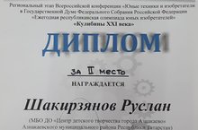 Ученик 9 класса Шакирзянов Руслан принял участие региональном этапе Всероссийской конференции "Юные техники и изобретатели в Государственной Думе Федерального собрания РФ "Ежегодная республиканская олимпиада юных изобретателей" "Кулибины XXI века" и занял 2 место. Руководитель: Шайдуллин Р.Р. Поздравляем!!!
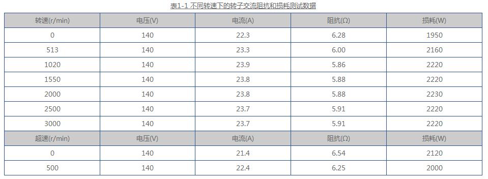 某電廠125MW雙水內(nèi)冷發(fā)電機(jī),QFS-125-2型,額定勵(lì)磁電壓為265V,額定勵(lì)磁電流為1650A,轉(zhuǎn)速為3000r/min。在交接試驗(yàn)時(shí)進(jìn)行了轉(zhuǎn)子交流阻抗和損耗的測試。測試數(shù)據(jù)見表1-1,將測試數(shù)據(jù)與出廠數(shù)據(jù)(見表1-2)作比較,得出結(jié)果是:在測量差范圍內(nèi)無顯著變化。
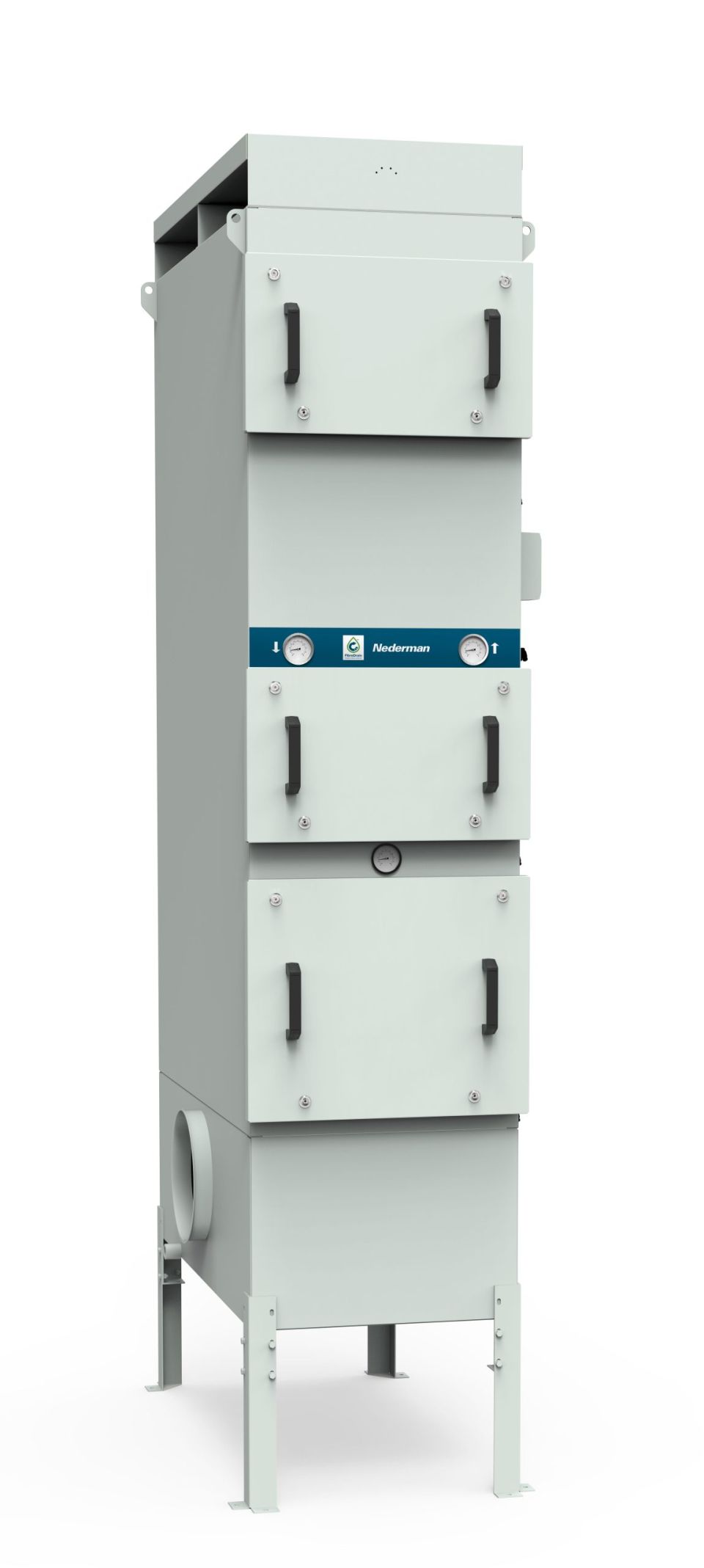 Nederman OSF 2000i имеет стандартные 3 ступени фильтрации, в которых первые 2 ступени состоят из фильтрующих кассет с технологией FibreDrain ® от Nederman. Nederman имеет широкий спектр фильтров различных типов, подходящих для различных приложений. Третья ступень состоит из фильтра HEPA в классе фильтров H13 с КПД 99,95% для MPPS согласно EN1822. Все построенные на башне блоки Nederman OSF подготовлены для установки предварительного фильтра. OSF 2000i имеет 2 встроенных радиальных вентилятора.
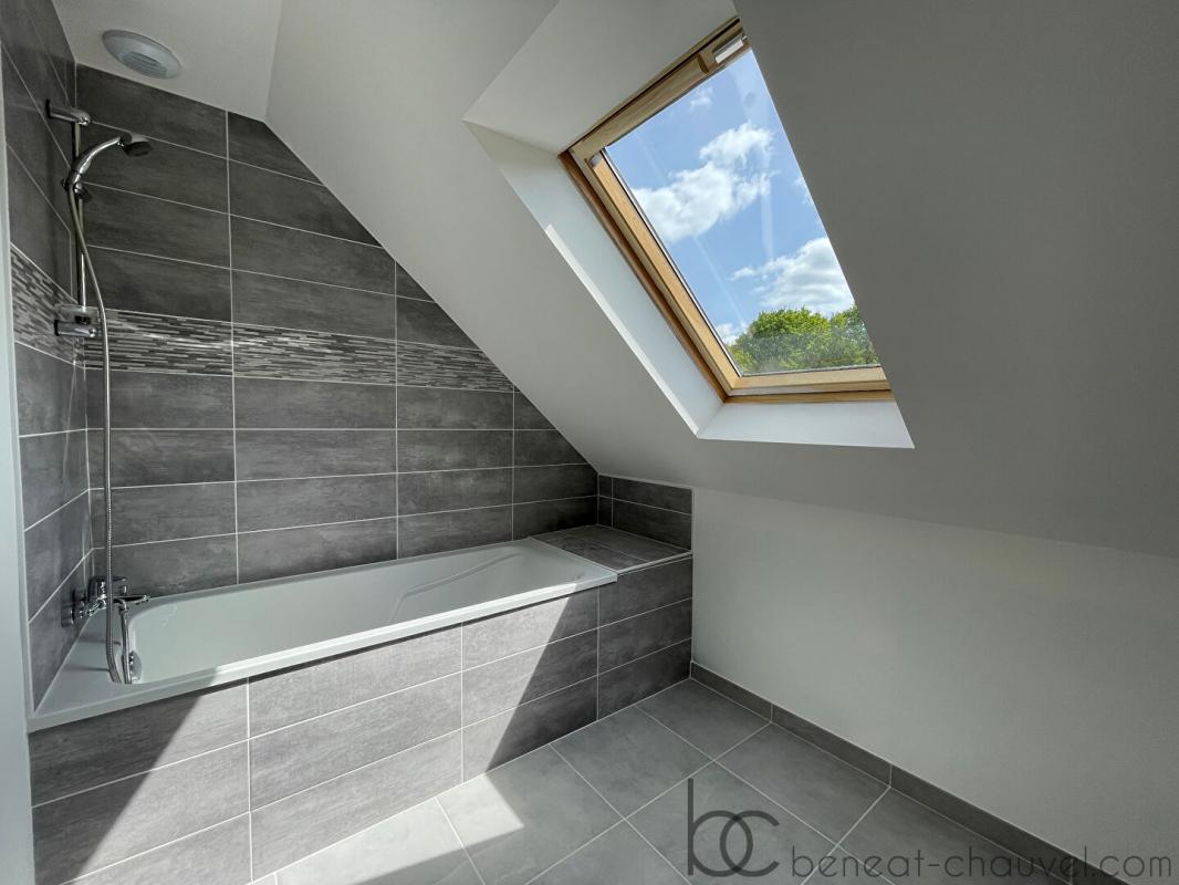 A l’étage : trois chambres, salle de bains, wc.
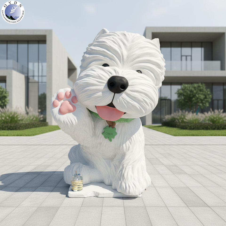ประติมากรรมสุนัขเวสต์ไฮน์ไซบีเรียนขนาดใหญ่คุณภาพสูงสำหรับภายนอกอาคาร ทำจากไฟเบอร์กลาส - กันน้ำและทนทานต่อรังสียูวี เหมาะสำหรับสวนสนุกและพื้นที่สาธารณะ
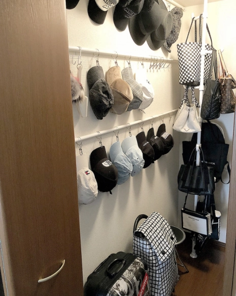 突っ張り棒にフックをぶら下げたり、ネットやかごを取りつけたりするだけで、簡単に収納に早変わり。材料もインテリア用品店やホームセンター、100均などで売られている安いアイテムだけで作れるので、お金をかけずに収納を増やしたいときに便利です。しっかり固定すれば意外と丈夫なのも魅力。
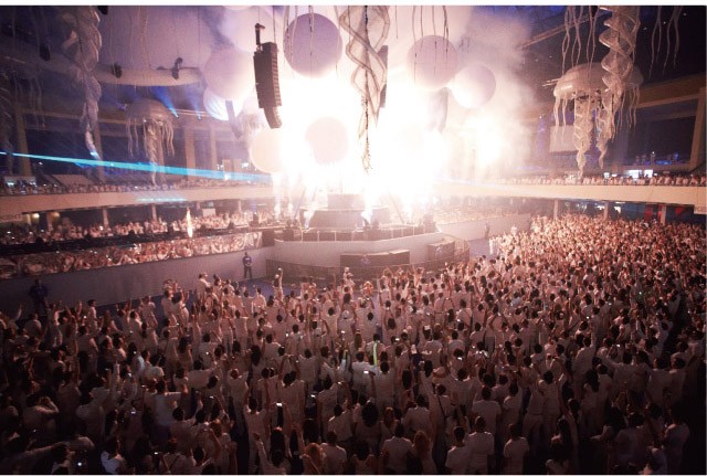 돔 엑스포 안으로 들어가자 바닷속이었다. 바다 생물을 연상하게 하는 구조물들이 하늘에 떠 있었다. 중앙에 DJ 부스가 신전처럼 솟아 있고, 하얀 옷을 입은 사람들이 물처럼 물고기처럼 흘렀다.
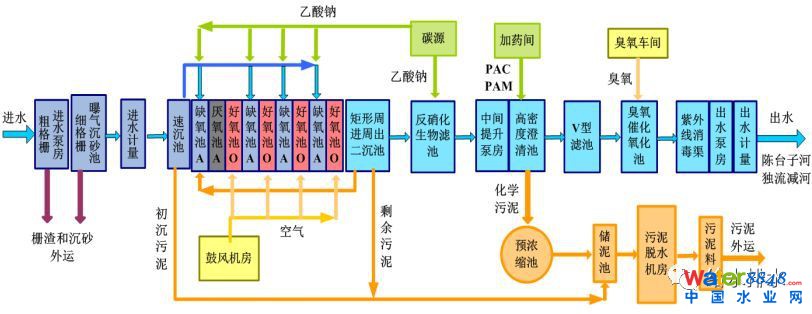 推薦采用“改進多級AO工藝+反硝化生物濾池+高密度澄清池+V型濾池+臭氧高級氧化工藝方案”。
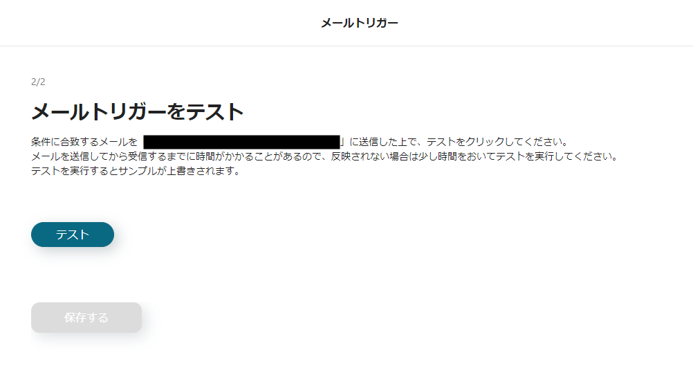 2)条件に合致するメールを先ほど設定したアドレスに送信した上で、テストをクリックしてください。
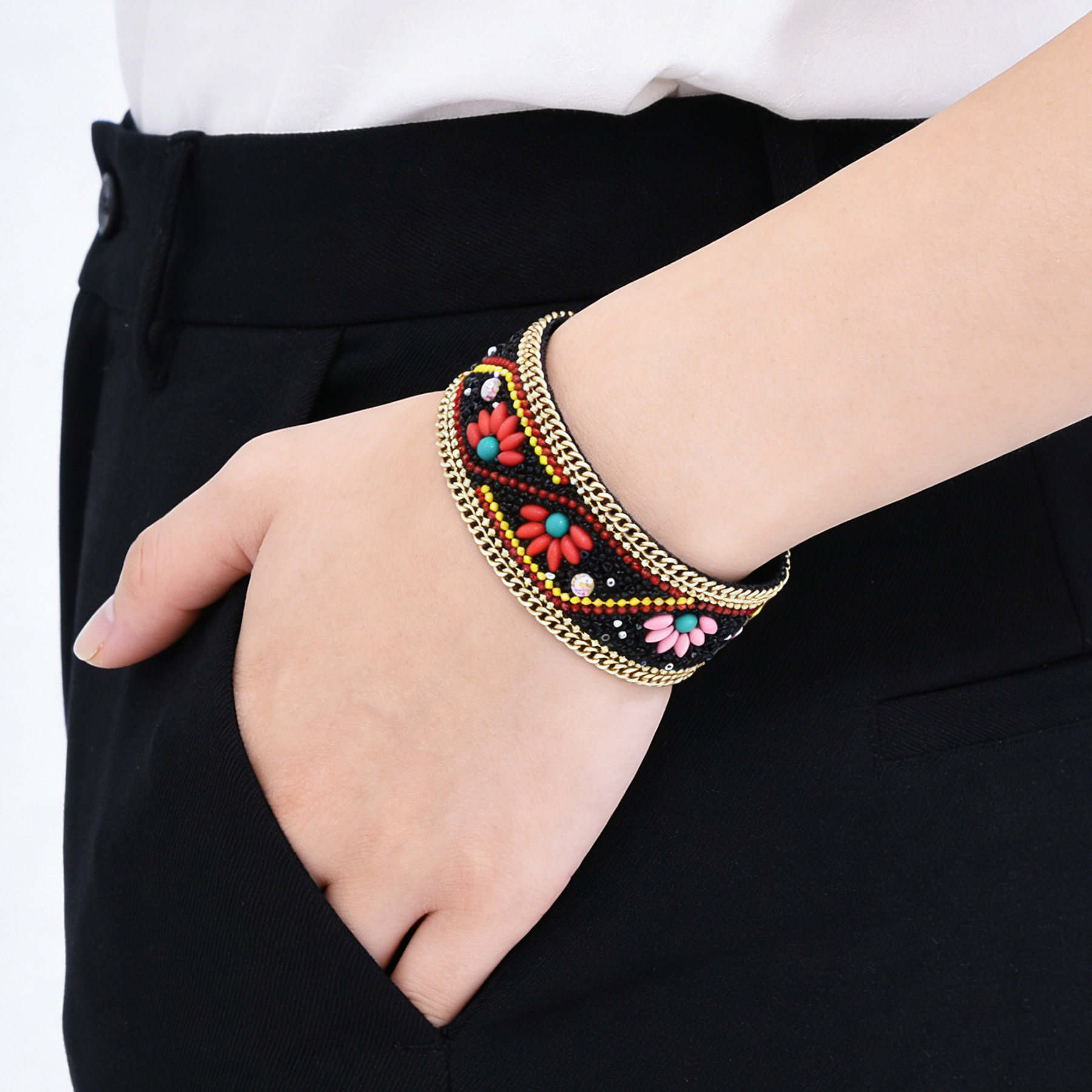 新款复古民族风编织手链女金属链条花朵装饰重工手环个性饰品手镯
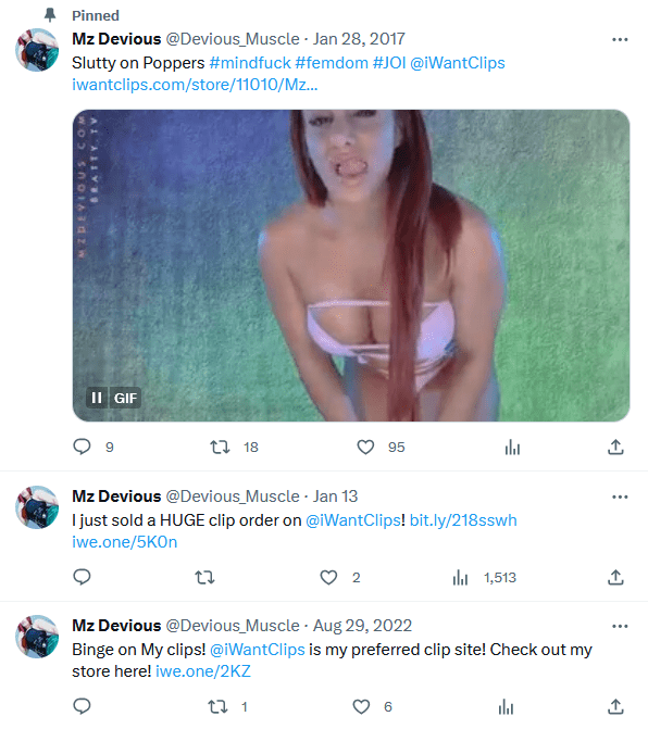 Mz Devious is a female bodybuilder and has also been a self-described “Online Financial Domme since 2008.” She has audio and video clips for sale at NiteFlirt and iWantClips as well as through two different studios, Devious Muscle and Mz Devious Fetish Clips, at Clips4Sale. (NOTE: At least one of the sites, a streaming platform called “mzdeviousvideos.com,” is now off-line. Also, a few of the links from Mz Devious’ official site to clip sites were broken.)
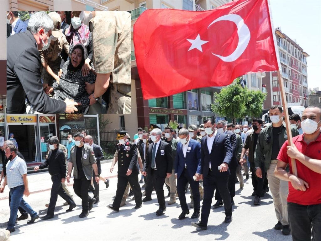 Henüz 29 yaşında ve bekâr olan şehidimiz Jandarma Uzman Çavuş Adil Yılmaz’ın resmi ve tabutunun sarılı olduğu Türk Bayrağını, şehidimizin kardeşi Mehmet Yılmaz’a sabır ve başsağlığı temennileriyle teslim eden Hatay Valisi Rahmi Doğan ardından şehidimizin annesi Fatma Yılmaz’a taziyelerini iletti.
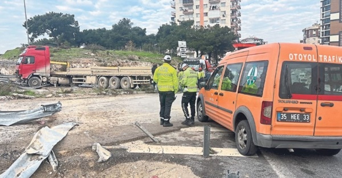 İZMİR'İN Buca ilçesinde kontrolden çıkan bir tır, bariyerleri ve orta refüjü yıkarak karşı şeride geçti. Şans eseri başka bir aracın karışmadığı kaza anı, bir otomobilin araç kamerasınca anbean görüntülendi. Kaza, İzmir Çevre Yolu Buca Batı girişi mevkiinde meydana geldi. Edinilen bilgiye göre, E.D. idaresindeki 45 AHE 339 plakalı tır, kontrolden çıkarak önce yol kenarındaki demir bariyerlere ardından da orta refüjü yıkarak karşı şeride geçti. Olay yerine gelen sağlık ekiplerince yapılan kontrolde, sürücü E.D.'nin kazayı hafif yaralı olarak atlattığı belirlendi. Dalgıç, olay yerindeki ilk müdahalesinin ardından ambulansla Buca Seyfi Demirsoy Eğitim ve Araştırma Hastanesi'ne kaldırıldı. Kazayla ilgili inceleme başlatıldı.
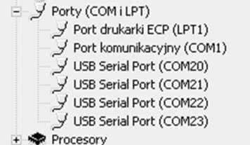 W wypadku pracy pod kontrolą systemu Windows, po podłączeniu do komputera automatycznie są instalowane odpowiednie sterowniki, a moduł po poprawnej instalacji jest widoczny w Menedżerze Urządzeń jako cztery niezależne porty COM (rysunek 9). W przypadku innego system lub problemów z instalacją, drivery VCP są dostępne na stronie firmy FTDI pod adresem http://www.ftdichip.com/Drivers/VCP.htm.
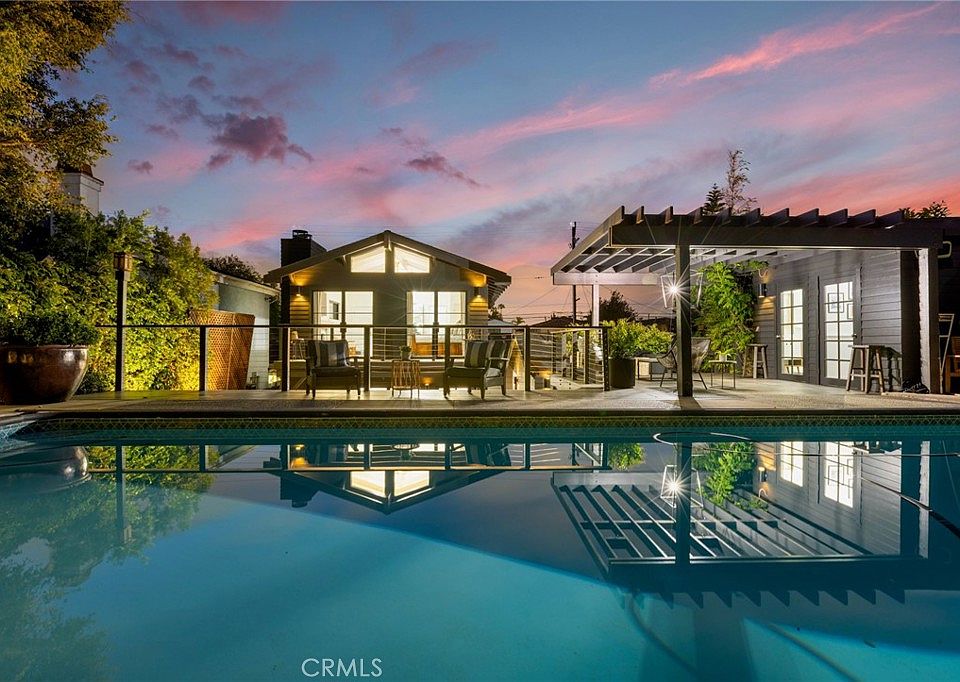 Step outside to multiple levels of outdoor living surrounding the rare large, deep pool perfect for gatherings or peaceful lounging. A detached pool cabana with bathroom, shower, and bar area adds convenience and comfort. Additionally, a freestanding 1-bedroom, 1-bath guest house doubles as a gym, art studio, office, or garage, offering adaptable space to suit your lifestyle.
----------
## Aim of the exercise
Pictures do not belong in the copy. Reproduce the rest of the data exactly.

## Solution to the problem
 Ученик 9 класса Шакирзянов Руслан принял участие региональном этапе Всероссийской конференции "Юные техники и изобретатели в Государственной Думе Федерального собрания РФ "Ежегодная республиканская олимпиада юных изобретателей" "Кулибины XXI века" и занял 2 место. Руководитель: Шайдуллин Р.Р. Поздравляем!!!
 某電廠125MW雙水內(nèi)冷發(fā)電機(jī),QFS-125-2型,額定勵(lì)磁電壓為265V,額定勵(lì)磁電流為1650A,轉(zhuǎn)速為3000r/min。在交接試驗(yàn)時(shí)進(jìn)行了轉(zhuǎn)子交流阻抗和損耗的測試。測試數(shù)據(jù)見表1-1,將測試數(shù)據(jù)與出廠數(shù)據(jù)(見表1-2)作比較,得出結(jié)果是:在測量差范圍內(nèi)無顯著變化。
 Nederman OSF 2000i имеет стандартные 3 ступени фильтрации, в которых первые 2 ступени состоят из фильтрующих кассет с технологией FibreDrain ® от Nederman. Nederman имеет широкий спектр фильтров различных типов, подходящих для различных приложений. Третья ступень состоит из фильтра HEPA в классе фильтров H13 с КПД 99,95% для MPPS согласно EN1822. Все построенные на башне блоки Nederman OSF подготовлены для установки предварительного фильтра. OSF 2000i имеет 2 встроенных радиальных вентилятора.
 A l’étage : trois chambres, salle de bains, wc.
ประติมากรรมสุนัขเวสต์ไฮน์ไซบีเรียนขนาดใหญ่คุณภาพสูงสำหรับภายนอกอาคาร ทำจากไฟเบอร์กลาส - กันน้ำและทนทานต่อรังสียูวี เหมาะสำหรับสวนสนุกและพื้นที่สาธารณะ
 突っ張り棒にフックをぶら下げたり、ネットやかごを取りつけたりするだけで、簡単に収納に早変わり。材料もインテリア用品店やホームセンター、100均などで売られている安いアイテムだけで作れるので、お金をかけずに収納を増やしたいときに便利です。しっかり固定すれば意外と丈夫なのも魅力。
 돔 엑스포 안으로 들어가자 바닷속이었다. 바다 생물을 연상하게 하는 구조물들이 하늘에 떠 있었다. 중앙에 DJ 부스가 신전처럼 솟아 있고, 하얀 옷을 입은 사람들이 물처럼 물고기처럼 흘렀다.
 推薦采用“改進多級AO工藝+反硝化生物濾池+高密度澄清池+V型濾池+臭氧高級氧化工藝方案”。
 2)条件に合致するメールを先ほど設定したアドレスに送信した上で、テストをクリックしてください。
 新款复古民族风编织手链女金属链条花朵装饰重工手环个性饰品手镯
 Mz Devious is a female bodybuilder and has also been a self-described “Online Financial Domme since 2008.” She has audio and video clips for sale at NiteFlirt and iWantClips as well as through two different studios, Devious Muscle and Mz Devious Fetish Clips, at Clips4Sale. (NOTE: At least one of the sites, a streaming platform called “mzdeviousvideos.com,” is now off-line. Also, a few of the links from Mz Devious’ official site to clip sites were broken.)
 Henüz 29 yaşında ve bekâr olan şehidimiz Jandarma Uzman Çavuş Adil Yılmaz’ın resmi ve tabutunun sarılı olduğu Türk Bayrağını, şehidimizin kardeşi Mehmet Yılmaz’a sabır ve başsağlığı temennileriyle teslim eden Hatay Valisi Rahmi Doğan ardından şehidimizin annesi Fatma Yılmaz’a taziyelerini iletti.
 İZMİR'İN Buca ilçesinde kontrolden çıkan bir tır, bariyerleri ve orta refüjü yıkarak karşı şeride geçti. Şans eseri başka bir aracın karışmadığı kaza anı, bir otomobilin araç kamerasınca anbean görüntülendi. Kaza, İzmir Çevre Yolu Buca Batı girişi mevkiinde meydana geldi. Edinilen bilgiye göre, E.D. idaresindeki 45 AHE 339 plakalı tır, kontrolden çıkarak önce yol kenarındaki demir bariyerlere ardından da orta refüjü yıkarak karşı şeride geçti. Olay yerine gelen sağlık ekiplerince yapılan kontrolde, sürücü E.D.'nin kazayı hafif yaralı olarak atlattığı belirlendi. Dalgıç, olay yerindeki ilk müdahalesinin ardından ambulansla Buca Seyfi Demirsoy Eğitim ve Araştırma Hastanesi'ne kaldırıldı. Kazayla ilgili inceleme başlatıldı.
 W wypadku pracy pod kontrolą systemu Windows, po podłączeniu do komputera automatycznie są instalowane odpowiednie sterowniki, a moduł po poprawnej instalacji jest widoczny w Menedżerze Urządzeń jako cztery niezależne porty COM (rysunek 9). W przypadku innego system lub problemów z instalacją, drivery VCP są dostępne na stronie firmy FTDI pod adresem http://www.ftdichip.com/Drivers/VCP.htm.
 Step outside to multiple levels of outdoor living surrounding the rare large, deep pool perfect for gatherings or peaceful lounging. A detached pool cabana with bathroom, shower, and bar area adds convenience and comfort. Additionally, a freestanding 1-bedroom, 1-bath guest house doubles as a gym, art studio, office, or garage, offering adaptable space to suit your lifestyle.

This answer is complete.